Domains of Language
What is Language?
Phonological Perception
Phonological Production
Miscellaneous
100
These are the five domains of language.
What are Semantics, Pragmatics, Morphology, Syntax, and Phonology?
100
This is a form of knowledge based upon Noam Chomsky’s insight that the grammar of a native speaker’s language is known at an intuitive level and does not require explicit instruction.
What is linguistic competence?
100
This is the speech children hear around them and the speech that is directed towards them.
What is linguistic input?
100
This is a reduplicated series of consonant+vowel (CV) syllables produced by infants initially between 6 and 10 months of age.
What is canonical (reduplicated) babbling?
100
This is a rule that determines where in a word a phoneme or allophone may appear.
What is a phonotactic rule?
200
This domain of language explores the sound system of speech.
What is phonology?
200
This is the term for the innate knowledge of the structure of all the languages of the world that babies are proposed to possess.
What is Universal Grammar?
200
Saffran and her colleagues have shown that babies can recognize strings of nonsense “words” after just listening to a tape recording for 2 minutes. When presented with different nonsense “words” made up out of previously heard “syllables,” the babies still recognized the new “words” as novel.

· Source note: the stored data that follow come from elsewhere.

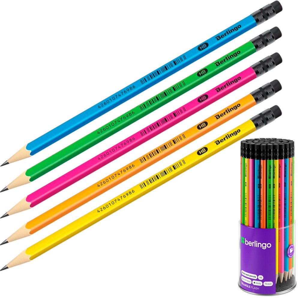 Карандаш ч/гр Berlingo "Triangle flash" HB, трехгранный, c ластиком BP00810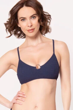 Dieses Bralette-Bikini-Top zeigt sich wunderbar unkompliziert. Mit seinen schmalen Schulterbändern und dem eleganten goldenen Ring im Ausschnitt wirkt es puristisch feminin, der strukturstarke bi-elastische Stoff charakterisiert es als Swimwear. Äußerlich nicht sichtbar verfügt das Oberteil über fest eingearbeitete Foamcups, sodass sich auch in nassem Zustand nichts abzeichnet. Als Komfortplus sind die multifunktionellen Träger zu nennen: So lässt sich das hübsche Top der Körperform optimal anpassen. Zudem gibt es innerhalb dieser Serie vier Höschen, mit denen es zum Bikini komplettiert werden kann.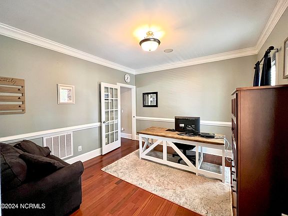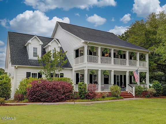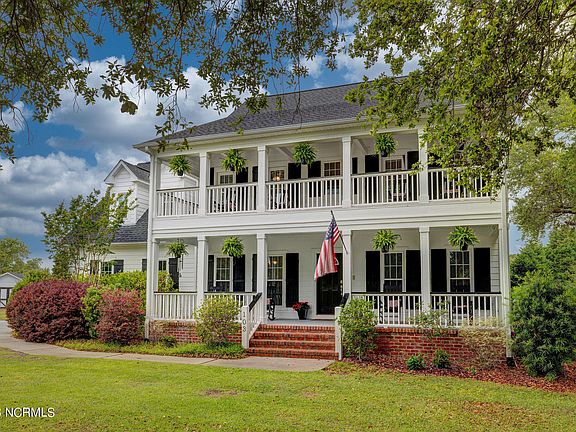 Welcome home to Pecan Grove Plantation, a gated coastal community located in the heart of Hampstead, NC. This gorgeous, southern farmhouse has double front covered porches, which are ideal for watching our famous Carolina sunsets. This home is also in close proximity to the first of 2 fishing docks within the community. This immaculate home has multiple options to organize your living space and entertain guests. Upon entry into the foyer, you will see a spacious office/den and a separate formal dining room with a coffered ceiling and chair rail, both with beautiful glass French doors. The formal dining room leads to a large kitchen with granite countertops, travertine backsplash and gorgeous cabinets. The kitchen nook has plenty of space for a full-size kitchen table or consider placing bar stools at the kitchen counter for more seating and entertainment options. The kitchen opens into a living room with a large and beautifully designed mantel with gas fireplace and tall windows providing excellent lighting. There is an additional sunroom/flex space located off the kitchen and living room that has endless potential while enjoying the views of the fully fenced back yard. Walk upstairs to find 4 bedrooms and 3 additional full bathrooms. The owner's suite with large ensuite bathroom, walk-in shower, jetted bathtub, walk-in closet and excellent natural light is welcoming and peaceful. An additional enclosed sunroom/flex space is situated beside the owner's suite with a portable air conditioning/heating unit. Enjoy the 2nd floor covered front porch with access from 2 bedrooms. Owners will find convenience in the laundry room and drop zone/mud room adjacent to the 2-car garage. Reserve a private showing today to experience all that Pecan Grove Plantation has to offer!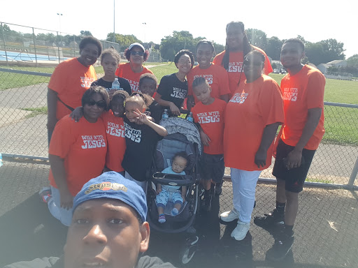 This photo is a picture of Me, my family and my church family. My husband is taking the picture and my family had on the black shirts. Our baby is in the stroller.
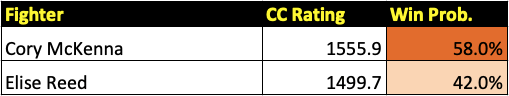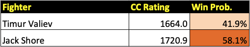 The UFC London prelim card features six bouts, the first three of which will be previewed in this post. All win probabilities are based on a fighter’s CC Rating and their place in the CC Rankings.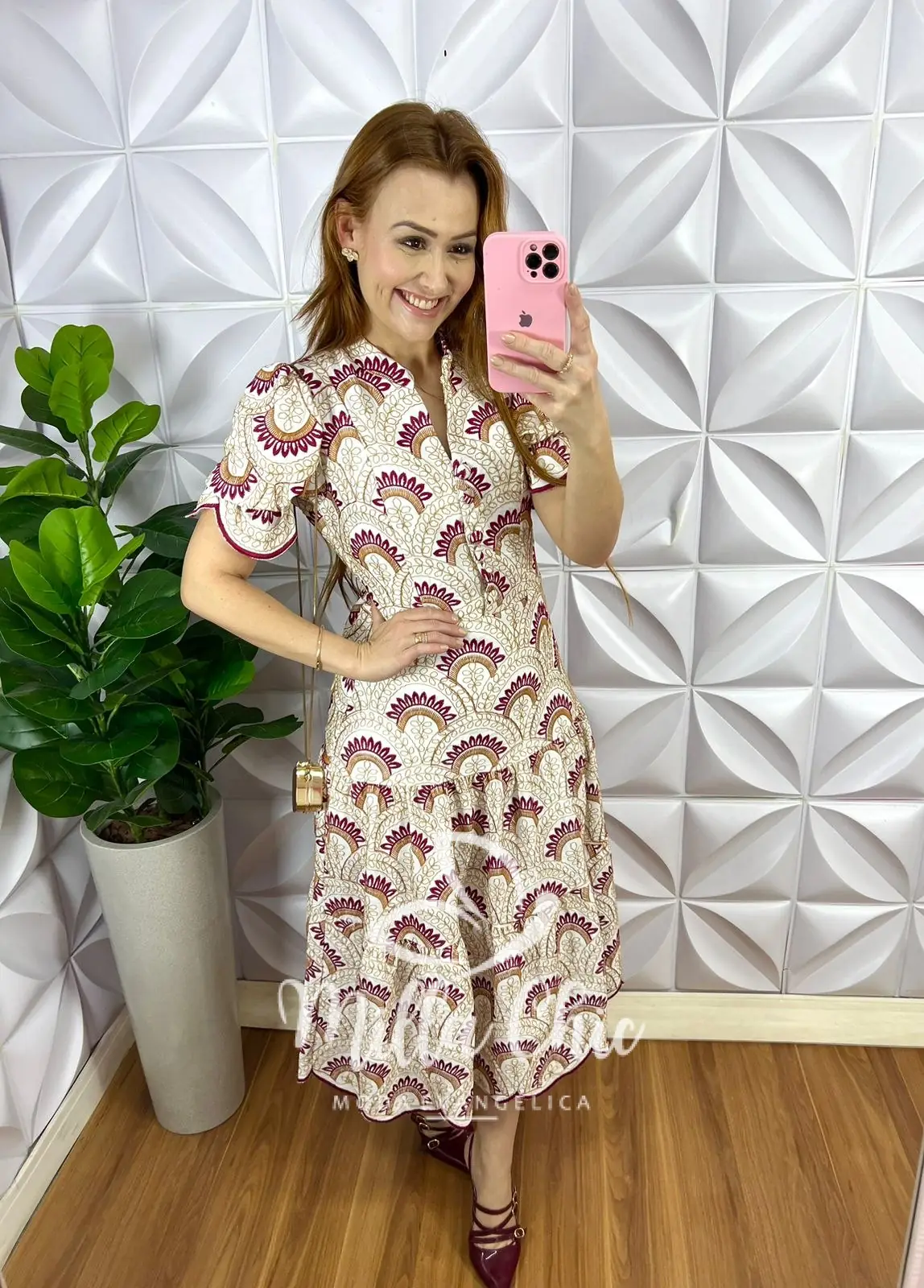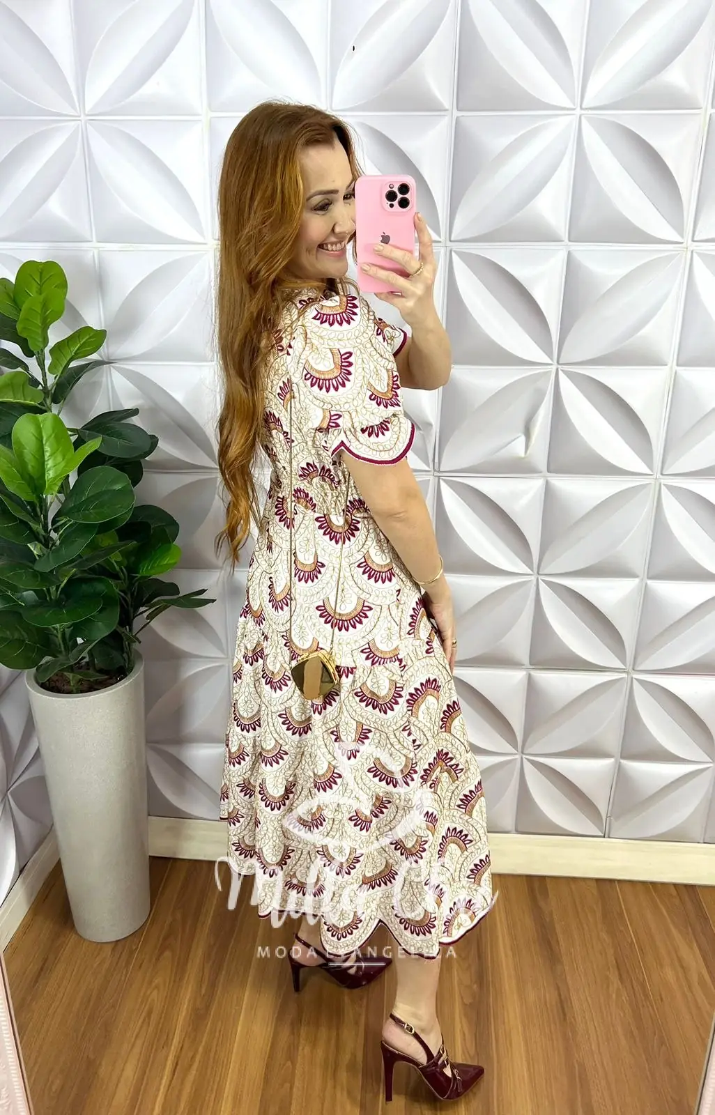 Esta vestindo tão bem irmãs tem elástico nas costas, Todo de botões de Perola funcionais, Todo forrado, manga princesa e comprimento midi Com saia Tres marias que esta um charme!

This is an example of what kind of learning?
What is statistical learning?
200
Canonical babbling typically begins by this age.
What is 10 months of age?
200
This is a procedure for testing phonetic discrimination in infants, typically used with infants from 5 to 12 months of age, that uses a moving toy as reward for the child’s perception in a change in stimuli.
What is the head-turn procedure?
300
This domain deals with language use.
What are pragmatics?
300
This property of language allows humans use language to talk about past or future events and things that are not present in the conversational context.
What is decontextualized?
300
This is the term for the specific (acoustic) location along a continuum of change in some acoustic property of phones where a speaker of a language clearly distinguishes two categories.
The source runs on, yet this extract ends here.